(Entries taken from a collection)
= = = = =

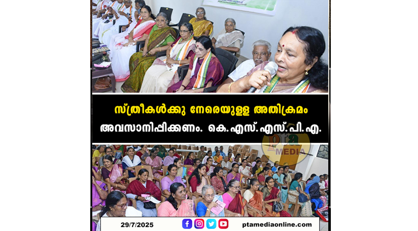 പത്തനംതിട്ട : രാജ്യത്തുടനീളം സ്ത്രീകൾക്കു നേരെയുള്ള അക്രമം വർദ്ധിച്ചു വരുകയാണ്. രാജ്യത്തിൻ്റെ സാമൂഹിക വിദ്യാഭ്യാസ സാസ്കാരിക മേഖലകളിൽ ഇന്നുണ്ടായ പുരോഗതിക്ക് സ്ത്രികളുടെ സംഭാവന വിസ്മരിക്കുന്ന വിധത്തിലുള്ള വിവേചനവും അതിക്രമവും വർദ്ധിക്കുമ്പോഴും ഒരു നടപടിയും കേന്ദ്ര സംസ്ഥാന സർക്കാരുകൾ എടുക്കുന്നില്ല. ഇതിനെതിരെ നാം പോരാടേണ്ടത് അനിവാര്യമായിരിക്കുന്നു എന്ന് കേരള സ്റ്റേറ്റ് സർവ്വീസ്സ് പെൻഷനേഴ്സ് അസോസിയേഷൻ വനിതാ ഫോറം ജില്ല ശില്പശാല ഉദ്ഘാടനം ചെയ്തുകൊണ്ട് സംസ്ഥാന വൈസ് പ്രസിഡൻ്റ് നാദിറാ സുരേഷ് സൂചിപ്പിച്ചു. വനിതാ ഫോറം ജില്ല പ്രസിഡൻ്റ് എലിസബത്ത് അബു അദ്ധ്യക്ഷതവഹിച്ചു. മുഖ്യപ്രഭാഷണം ഡിസിസി പ്രസിഡൻ്റ് പ്രൊഫ.. സതീഷ് കൊച്ചുപറമ്പിൽ നിർവഹിച്ചു. സംസ്ഥാന ട്രഷറർ പി. ഗോപാലകൃഷണൻ സംഘടനാ ചരിത്രത്തെ കുറിച്ചും മാലേത്ത് സരളാദേവി എക്സ് എം എൽ എ, സംസ്ഥാന ഭാരവാഹികളായ എസ് മധുസുദനൻപിള്ള, അമ്മിണി കുട്ടി ടീച്ചർ, ബിജിലി ജോസഫ്, എന്നിവരുംഎം.എ ജോൺ, വിൽസൺ തുണ്ടിയത്ത്, മറിയാമ്മ തരകൻ, ചെറിയാൻ ചെന്നീർക്കര ആർ മോഹൻ കുമാർ വൈ .റഹീം റാവുത്തർ, ലീലാ രാജൻ, മറിയാമ്മ വർക്കി,കെ. ജി. റെജി, ജെസി വർഗീസ്, എച്ച് ഹസീന, ഡോ. സാറാമ്മ ,എലിസബേത്ത് തോമസ് എന്നിവർ പ്രസംഗിച്ചു.
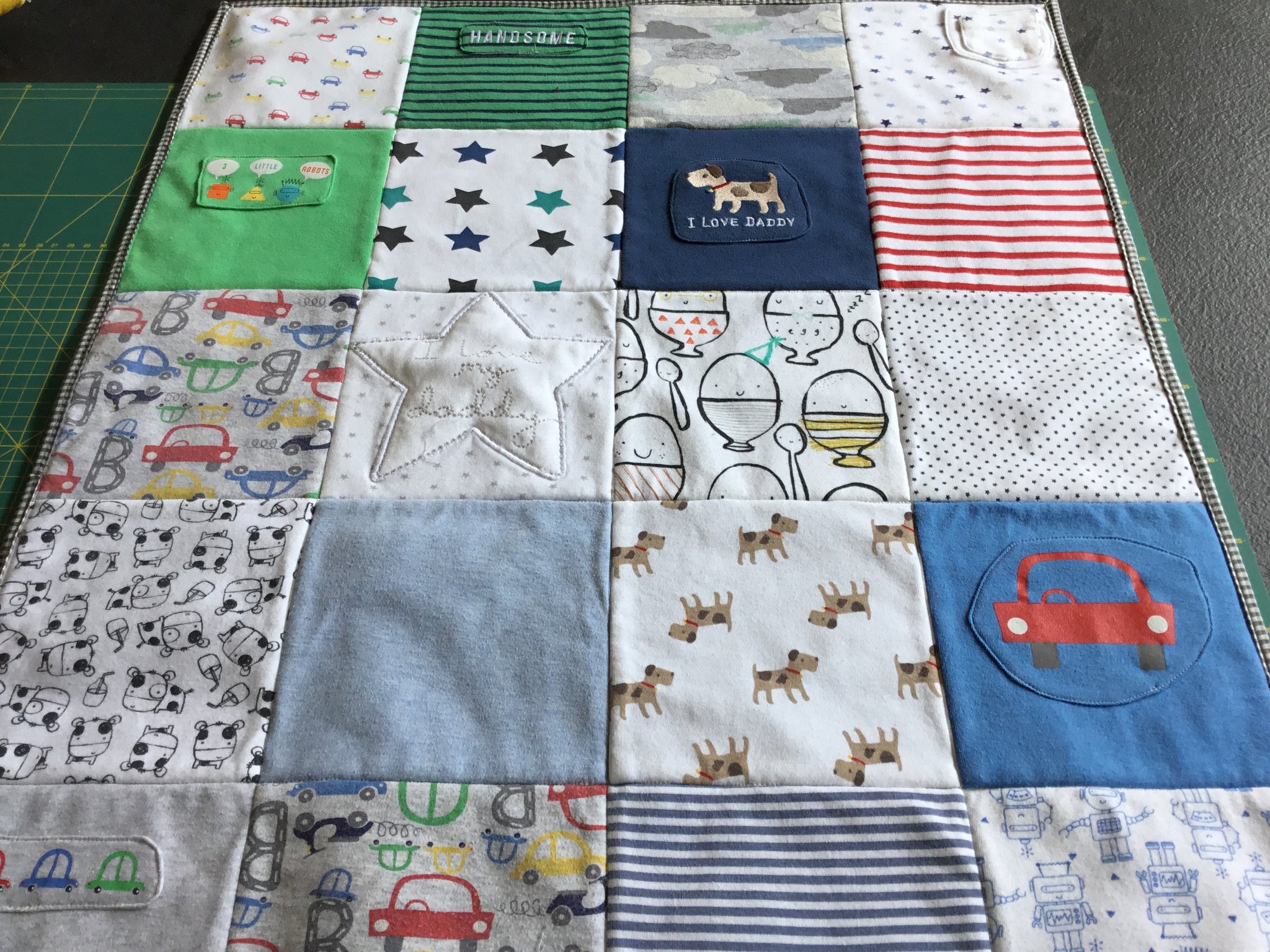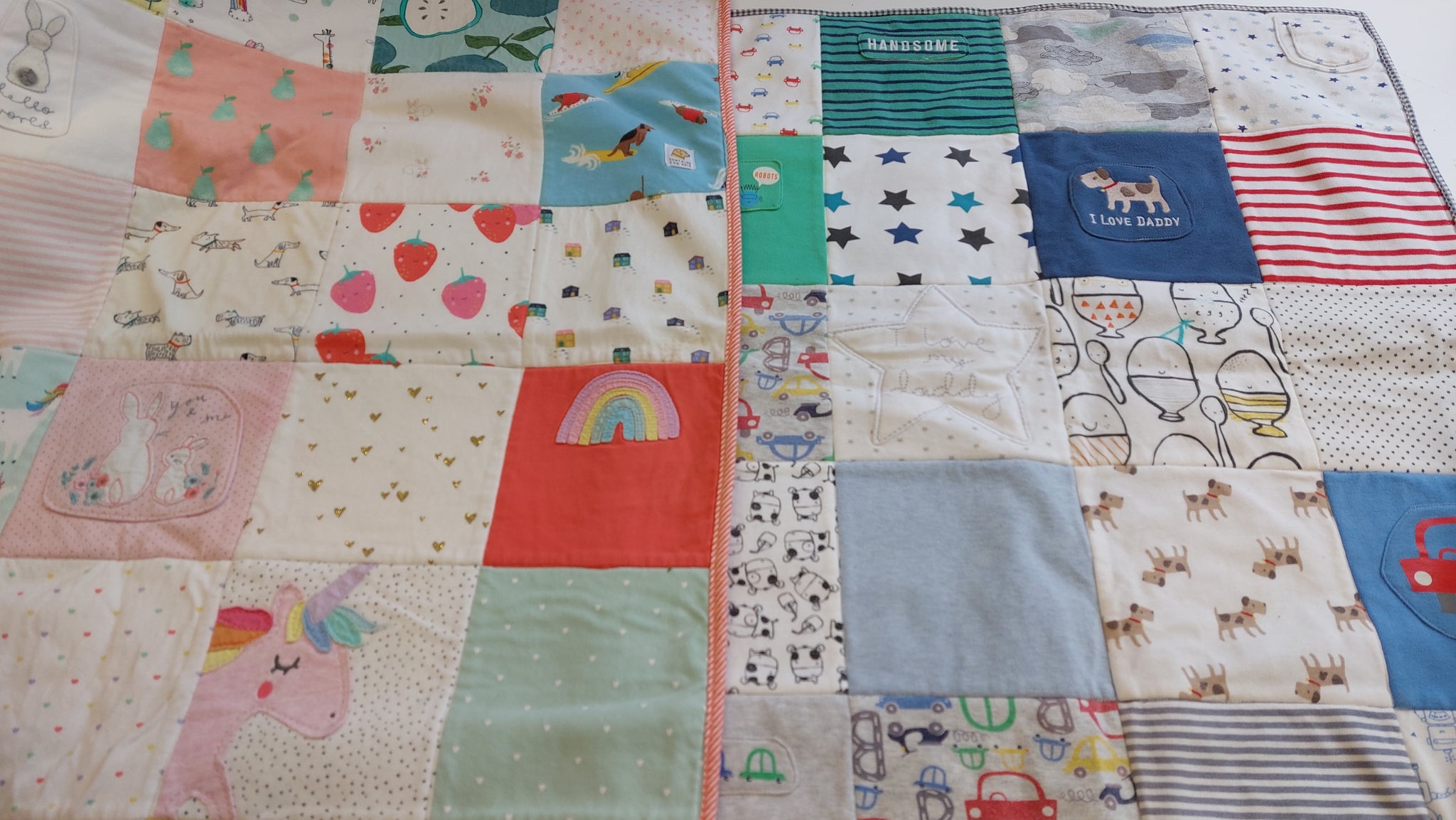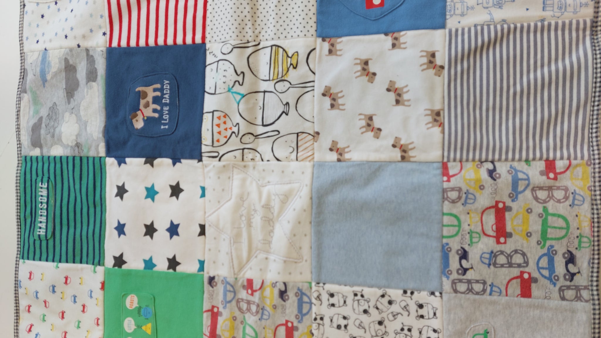 Why not make them into a beautiful quilt that you can then see every day? Or make one as a really special gift. We use all the features of their clothing - from the patterns to the labels to buttons and fastenings. Each square is specially designed to make the most of the features of the garment.
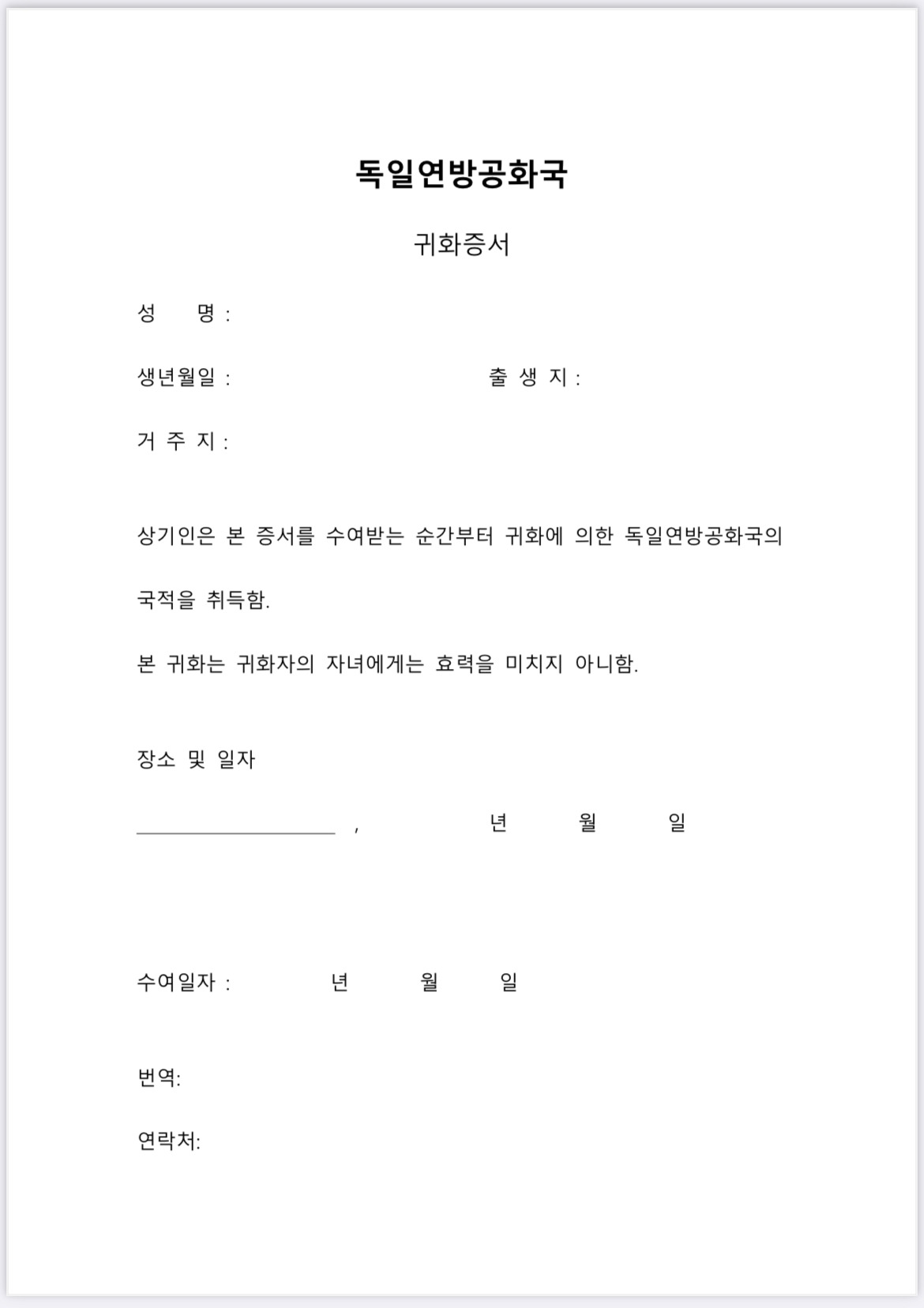 이 독일 귀화증서가 한국에서 요구될 경우에는 번역본이 필요하다. 이 번역본 양식은 독일 영사관에서 파일을 찾아볼 수 있다. 번역은 본인이 직접 하는 것으로 번역자는 본인 이름을 적고, 대신 이 번역본에 대한 영사관의 확인 도장을 받아 적법성을 증명할 수 있다. 다만 이때는 번역본이 원본과 다름이 없음에 대해 서명한 것에 대한 인증인 것이고, 번역 내용이 정확하다는 것에 대한 보장은 아니다.
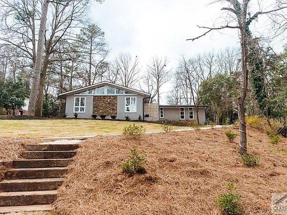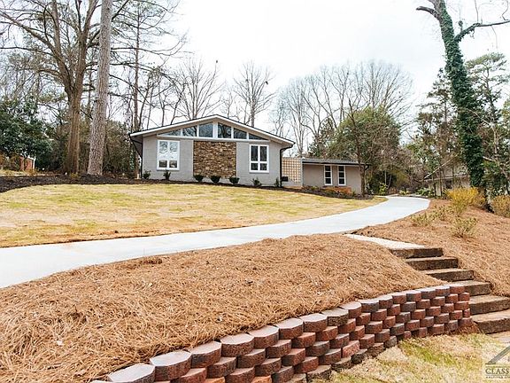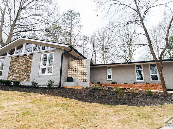 Simply stunning, this classic Mid-Century home has been completely renovated and restored to its former glory-and then some. With original features and stylings coupled with all the modern conveniences that today's high end buyer craves, it's the stuff of dreams. The original footprint of the home has been expanded to allow for more livability & interest making it a show stopper inside & out. From the road, you will notice the new roof line & bay of celestial windows, stone accents & original Breeze Block which has been lovingly salvaged & reused perfectly marrying today with the early 1960's when the house was initially built. As you round the corner, you will be charmed by the snappy turquoise double doors & the use of new, but "retro" hardware. Inside you will be awed by the cathedral ceilings which were handcrafted of clear Southern Pine from local craft supplier, Water's Edge Woods, & the double sided stone fireplace. The clerestory windows are mirrored along the back wall of the home as are the double doors allowing the owner to open the house up to the outdoors for entertaining family and friends. The kitchen is a gourmet's delight with its drop in gas range w/ matching vent hood, electric wall oven and matching convection oven/microwave combo, quartz countertops, & sleek modern custom cabinetry. The wood pendant lights add texture and warmth to the sleek space. Also off the kitchen is an office/flex space. The split floor plan has 2 secondary bedrooms each with an en suite bath on one side and the master suite on the other. The master suite has 2 walk in closets, wall mounted reading laps, and the most amazing master bath complete with double sinks, a show stopping walk in shower and an abundance of cabinets. The exterior spaces on this home are equally as amazing. The drive under carport was specifically designed to double as covered entertaining space and the flagstone patio is generous and has a gracious curve that mirrors the stone retaining wall built by original owner (a miniature version of Fred Birchmore's Great Wall of Athens). The upper yard (accessed from the side) is level and sodded making it perfect for yard games and the like and is sectioned off by a cable-rail fence. Additional mid-mod decorative accents include retro tile and lighting, door hardware, and sputnik chandelier (in front of fireplace). Other features include: all new plumbing, wiring, roof, HVAC, and windows.Tankless hot water heater.Spray foam insulation.
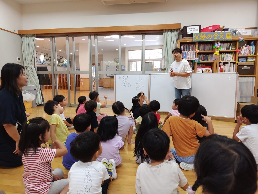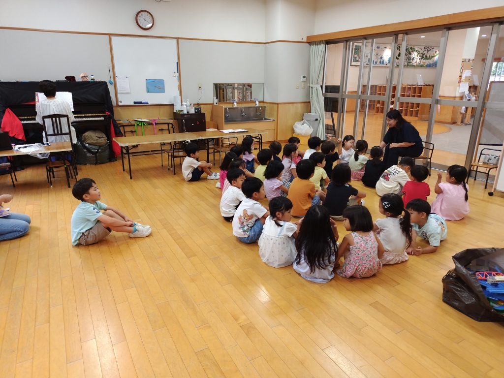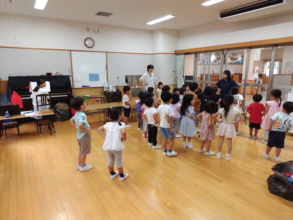 しっかりと声を出して、目を輝かせて歌っています。「手をたたこう」「にじのむこうに」。子どもたちの歌声は、心に喜びをもたらすすてきな響きがあります。かわいらしく、感動的です。みんなで歌った夏のひととき、よい思い出となることでしょう。
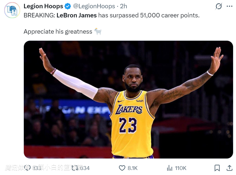 美媒LH写道:重大消息,勒布朗-詹姆斯达成51000分里程碑,钦佩他的伟大之处GOAT。
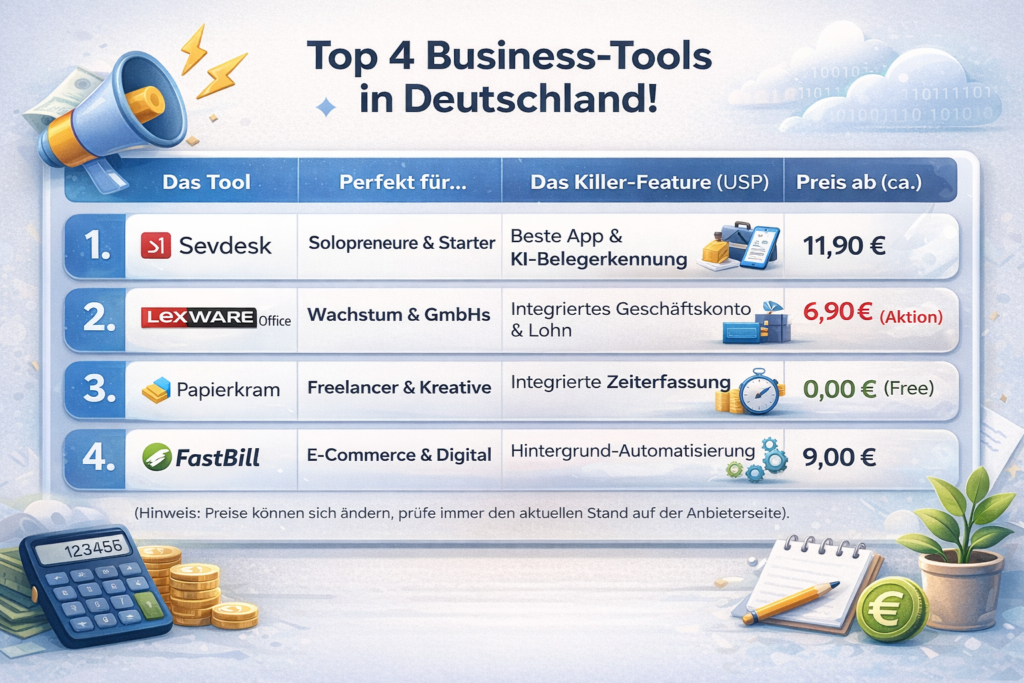 Es gibt hunderte Tools da draußen. Sevdesk, Lexware, Papierkram oder FastBill? Alle versprechen, dass sich die Buchhaltung „wie von selbst“ erledigt. Aber welches Programm passt wirklich zu deinem Business-Modell?
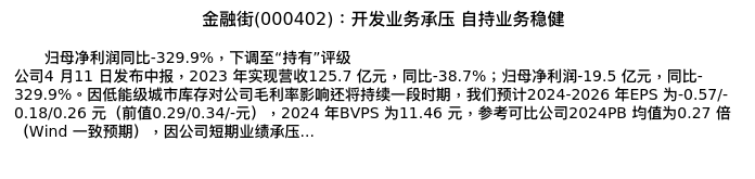 值得注意的是:2024年04月华泰证券的陈慎/刘璐/林正衡分析师,首次发布关于金融街的研究报告,标题为:金融街(000402):开发业务承压 自持业务稳健。
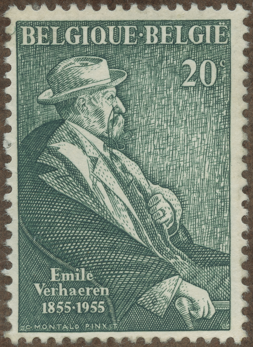 Frimärke från Belgien, 1955. Motiv av Emile Verhaeren 1855-1916 Belgiens störste lyriker 100-årsminne av hans födelse 1855-1955.
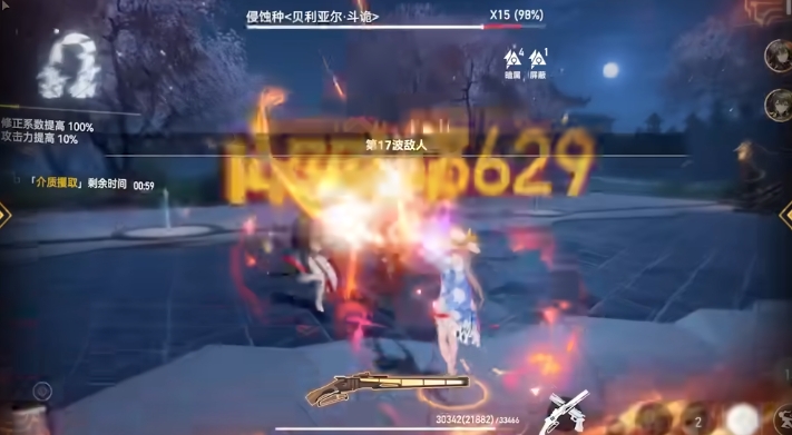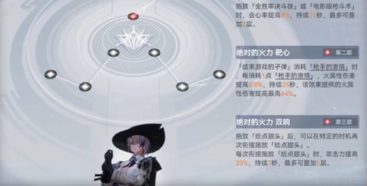 低练度可以通过跃迁吃满增伤,释放三技能时根据队伍中火属性队友数量增加暴伤,适合给火队打辅助使用。中线为输出神格,有自我会心率、火伤和攻击力提升的增伤buff,释放给点甜头后收枪闪金光时能触发美式居合,跟中线樱切的拔刀斩相似,不过专钥对其增伤较小,整体强度不如左线,而且自动操作时会丢buff。至于选哪个神格则看硝芒埃克什瓦的阶级,如果是SS1加二起步就选左线交给自动操作走辅C。
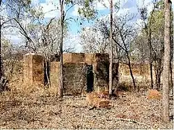 The main concentration of machinery and concrete foundations are located to the northwest of the site, about 40–60 metres (130–200 ft) southwest of the current Gulf Developmental Road. However, there are a number of shafts, most of which have filled with water, and one which is timbered with sawn hardwood, situated on the southern side of the former Gulf Developmental Road. The use of sawn timber to line the shaft is rare on the former Croydon goldfield; most timbered shafts in the area used locally cut sapling logs. Surviving sawn timber shaft linings are rare in Queensland.[1]
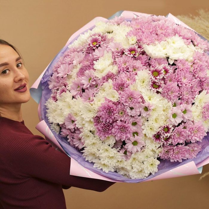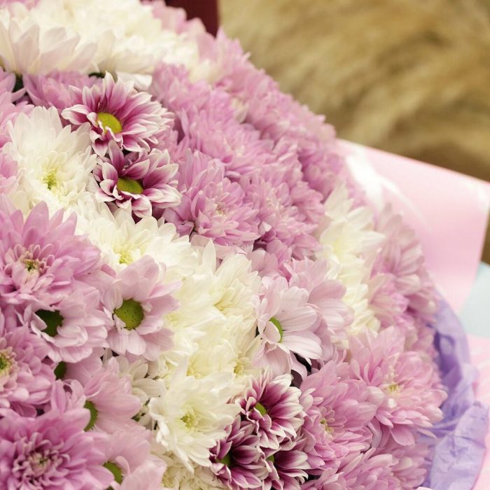 Букет из 51 кустовой хризантемы нежный микс в стильной упаковке

= = = = =

## What you have to do
Return exactly the lines that begin with the one containing "低练度可以通过跃迁吃满增伤,释放三技能时" and end with the final line of the data above; include no pictures.

## Response for this exercise
 低练度可以通过跃迁吃满增伤,释放三技能时根据队伍中火属性队友数量增加暴伤,适合给火队打辅助使用。中线为输出神格,有自我会心率、火伤和攻击力提升的增伤buff,释放给点甜头后收枪闪金光时能触发美式居合,跟中线樱切的拔刀斩相似,不过专钥对其增伤较小,整体强度不如左线,而且自动操作时会丢buff。至于选哪个神格则看硝芒埃克什瓦的阶级,如果是SS1加二起步就选左线交给自动操作走辅C。
 The main concentration of machinery and concrete foundations are located to the northwest of the site, about 40–60 metres (130–200 ft) southwest of the current Gulf Developmental Road. However, there are a number of shafts, most of which have filled with water, and one which is timbered with sawn hardwood, situated on the southern side of the former Gulf Developmental Road. The use of sawn timber to line the shaft is rare on the former Croydon goldfield; most timbered shafts in the area used locally cut sapling logs. Surviving sawn timber shaft linings are rare in Queensland.[1]
 Букет из 51 кустовой хризантемы нежный микс в стильной упаковке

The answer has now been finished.